→ DATA EXTRACTS

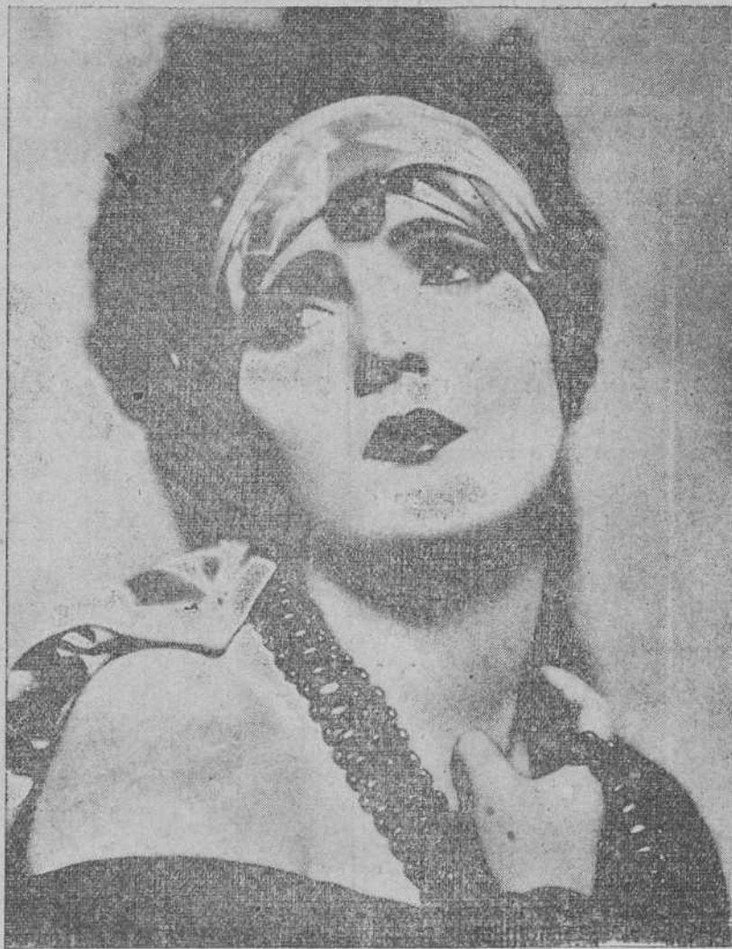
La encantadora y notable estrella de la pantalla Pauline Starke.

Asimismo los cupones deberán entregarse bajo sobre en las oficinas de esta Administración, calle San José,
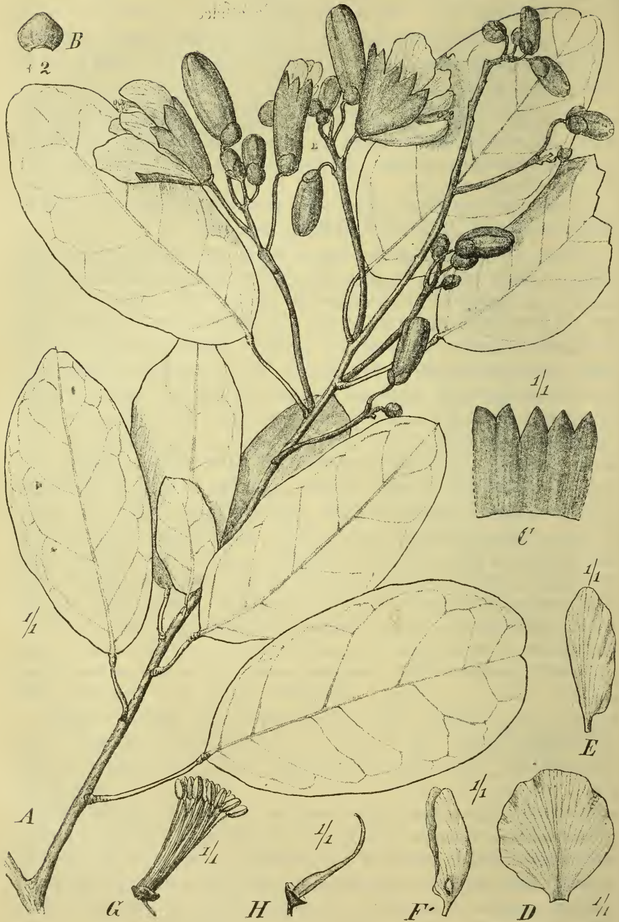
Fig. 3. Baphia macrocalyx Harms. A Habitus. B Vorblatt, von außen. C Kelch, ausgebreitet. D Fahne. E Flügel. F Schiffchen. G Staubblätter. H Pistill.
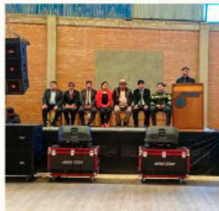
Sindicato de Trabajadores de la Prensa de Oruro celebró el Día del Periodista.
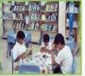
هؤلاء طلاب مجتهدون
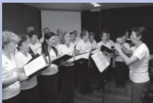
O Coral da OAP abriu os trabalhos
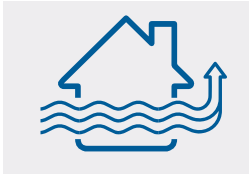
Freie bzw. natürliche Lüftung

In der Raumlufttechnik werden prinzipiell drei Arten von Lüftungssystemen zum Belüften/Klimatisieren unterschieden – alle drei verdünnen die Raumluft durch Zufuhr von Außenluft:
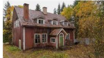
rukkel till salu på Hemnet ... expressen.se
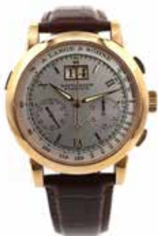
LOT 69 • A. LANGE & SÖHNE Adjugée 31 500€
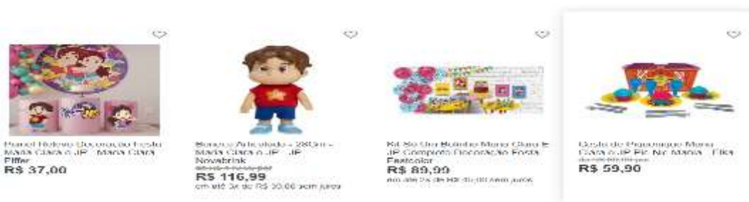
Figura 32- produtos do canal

→ TASK DETAILS
Restate exactly the lines that start at the "هؤلاء طلاب مجتهدون" line and end with the last line of the material above, leaving out the pictures.

→ TASK ANSWER
هؤلاء طلاب مجتهدون
O Coral da OAP abriu os trabalhos
Freie bzw. natürliche Lüftung

In der Raumlufttechnik werden prinzipiell drei Arten von Lüftungssystemen zum Belüften/Klimatisieren unterschieden – alle drei verdünnen die Raumluft durch Zufuhr von Außenluft:
rukkel till salu på Hemnet ... expressen.se
LOT 69 • A. LANGE & SÖHNE Adjugée 31 500€
Figura 32- produtos do canal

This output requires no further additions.